Data listing =>

------

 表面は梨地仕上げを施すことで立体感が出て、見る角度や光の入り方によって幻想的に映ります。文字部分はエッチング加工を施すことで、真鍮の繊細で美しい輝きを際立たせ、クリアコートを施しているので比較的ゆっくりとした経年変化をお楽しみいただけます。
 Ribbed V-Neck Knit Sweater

------

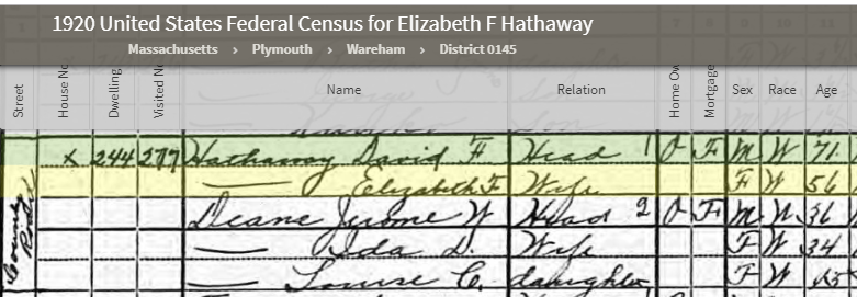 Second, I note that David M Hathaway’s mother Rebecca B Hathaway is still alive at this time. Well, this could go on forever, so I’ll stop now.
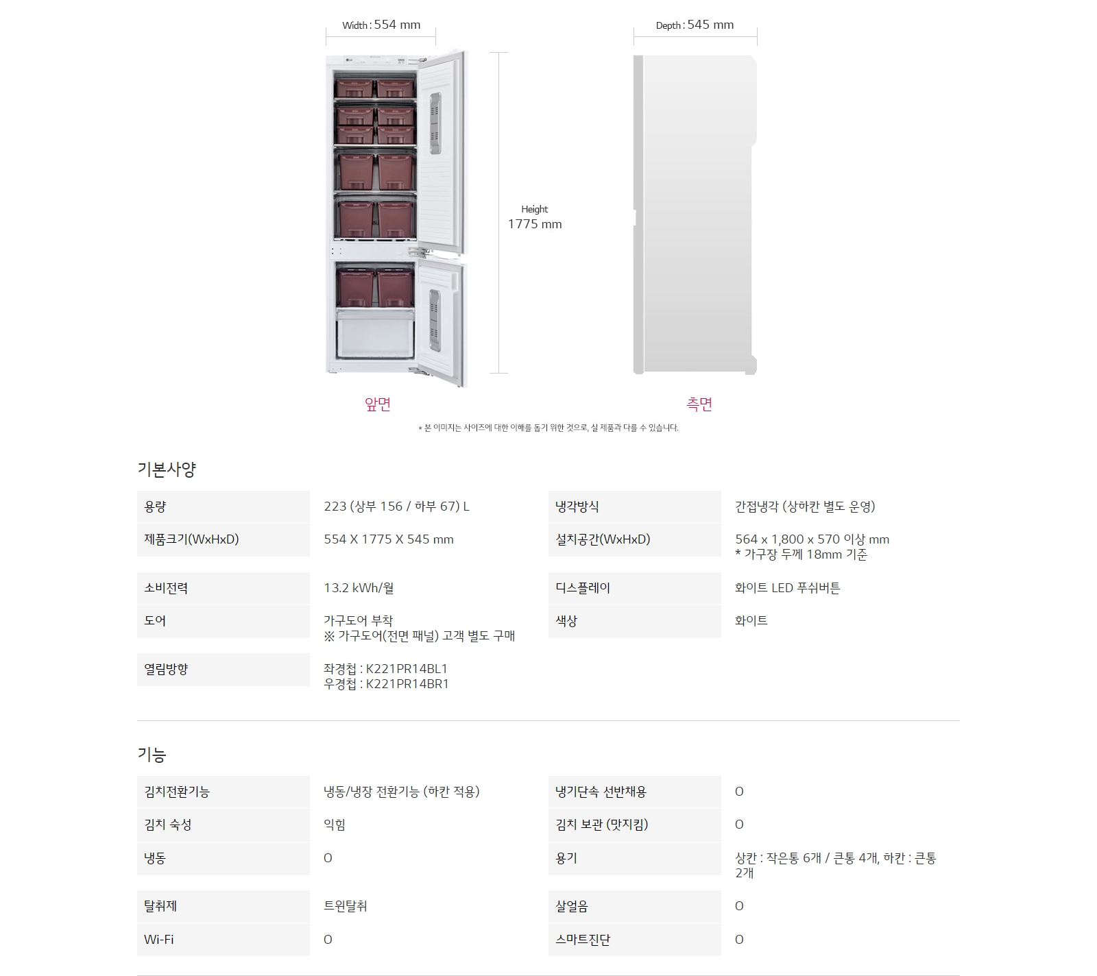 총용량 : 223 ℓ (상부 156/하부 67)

------

What is required => Among the lines above, repeat exactly those from the line with "表面は梨地仕上げを施すことで" to the line with "Ribbed V-Neck Knit Sweater", counting both ends.

Exercise output =>
 表面は梨地仕上げを施すことで立体感が出て、見る角度や光の入り方によって幻想的に映ります。文字部分はエッチング加工を施すことで、真鍮の繊細で美しい輝きを際立たせ、クリアコートを施しているので比較的ゆっくりとした経年変化をお楽しみいただけます。
 Ribbed V-Neck Knit Sweater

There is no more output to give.